# Problem description:
From the line with "Für unseren Riesling" to the end of the data below, restate each line word for word, both ends included, without the pictures.

# Items listed in a dataset:
-- -- --

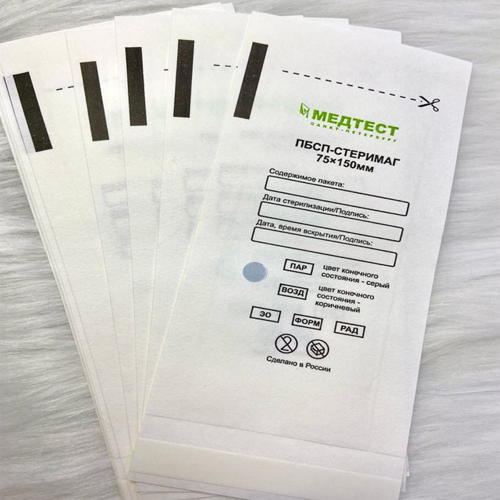 На внешней стороне пакета нанесён индикатор, позволяющий отличить простерилизованные изделия от нестерилизованных.
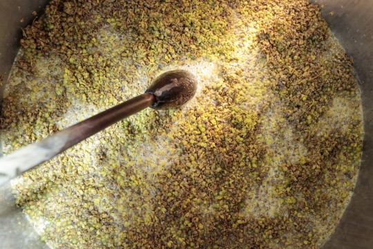 Für unseren Riesling Orange führen wir eine 2-3-wöchige Maischegärung mit 25 % ganzen Trauben durch. Die restlichen Trauben stampfen wir vor der Gärung mit den Füßen. Eine spontane Gärung folgt. Nach der Gärung reift der Orangewein für 3Jahre auf der Feinhefe im Tonneaux. Danach wird er unfiltriert abgefüllt.
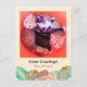 This Easter greetings postcard features a photo of 4 beautiful kittens huddled together inside an orange basket looking up with their pretty blue eyes. This photo may be personalised and replaced with your own family photo. Below is the text "Easter Greetings! From All Of Us". This greeting may also be modified and personalised. Below the greetings are 5 very colourful and decorative Easter eggs which may be repositioned or replaced with your own graphics through the customise it button.
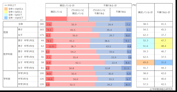 新型コロナウイルス感染拡大防止のための休校期間中に行ったオンライン学習についての満足度を尋ねた結果、約6割の生徒が「満足している」と回答した。
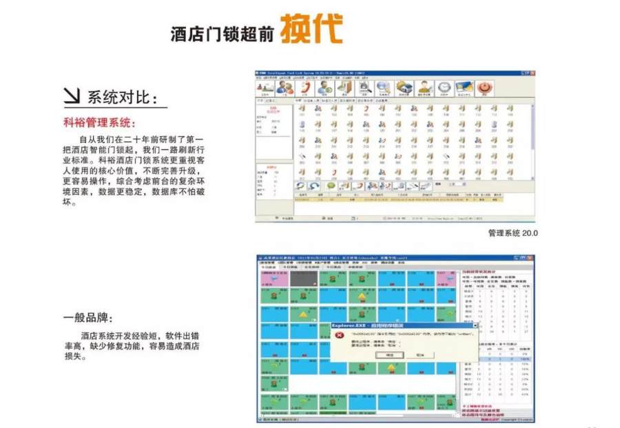 四、【提供數(shù)據(jù)接口與國(guó)內(nèi)外酒店管理軟件無縫連接】:科裕酒店鎖管理軟件已與國(guó)內(nèi)外大多數(shù)酒店管理軟件成功對(duì)接,并獲著名的microsFIDELIO/Operai(德國(guó)酒店管理軟件)的對(duì)接許可,不會(huì)產(chǎn)生因?qū)訂栴}進(jìn)行的軟件維護(hù)工作。
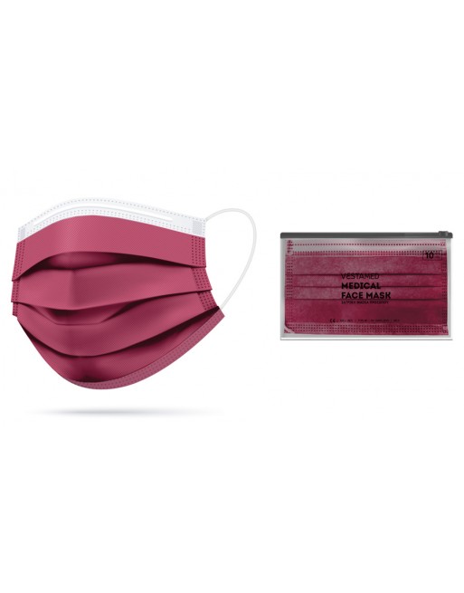 VESTAMED χειρουργική μάσκα 3 στρωμάτων VMM40, BFE >98% 5x 10τμχ μπορντό
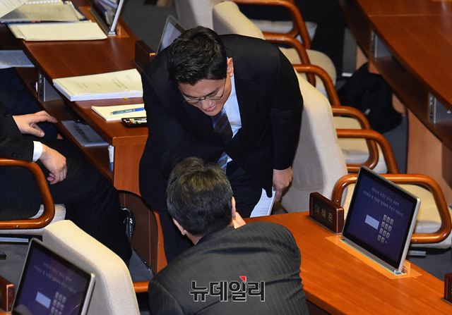 오신환 바른정당 원내대표가 5일 오후 국회에서 열린 본회의에서 비교섭단체 대표연설을 마치고 의원들과 인사를 나누고 있다.

-- -- --

# Reply to the exercise:
 Für unseren Riesling Orange führen wir eine 2-3-wöchige Maischegärung mit 25 % ganzen Trauben durch. Die restlichen Trauben stampfen wir vor der Gärung mit den Füßen. Eine spontane Gärung folgt. Nach der Gärung reift der Orangewein für 3Jahre auf der Feinhefe im Tonneaux. Danach wird er unfiltriert abgefüllt.
 This Easter greetings postcard features a photo of 4 beautiful kittens huddled together inside an orange basket looking up with their pretty blue eyes. This photo may be personalised and replaced with your own family photo. Below is the text "Easter Greetings! From All Of Us". This greeting may also be modified and personalised. Below the greetings are 5 very colourful and decorative Easter eggs which may be repositioned or replaced with your own graphics through the customise it button.
 新型コロナウイルス感染拡大防止のための休校期間中に行ったオンライン学習についての満足度を尋ねた結果、約6割の生徒が「満足している」と回答した。
 四、【提供數(shù)據(jù)接口與國(guó)內(nèi)外酒店管理軟件無縫連接】:科裕酒店鎖管理軟件已與國(guó)內(nèi)外大多數(shù)酒店管理軟件成功對(duì)接,并獲著名的microsFIDELIO/Operai(德國(guó)酒店管理軟件)的對(duì)接許可,不會(huì)產(chǎn)生因?qū)訂栴}進(jìn)行的軟件維護(hù)工作。
 VESTAMED χειρουργική μάσκα 3 στρωμάτων VMM40, BFE >98% 5x 10τμχ μπορντό
 오신환 바른정당 원내대표가 5일 오후 국회에서 열린 본회의에서 비교섭단체 대표연설을 마치고 의원들과 인사를 나누고 있다.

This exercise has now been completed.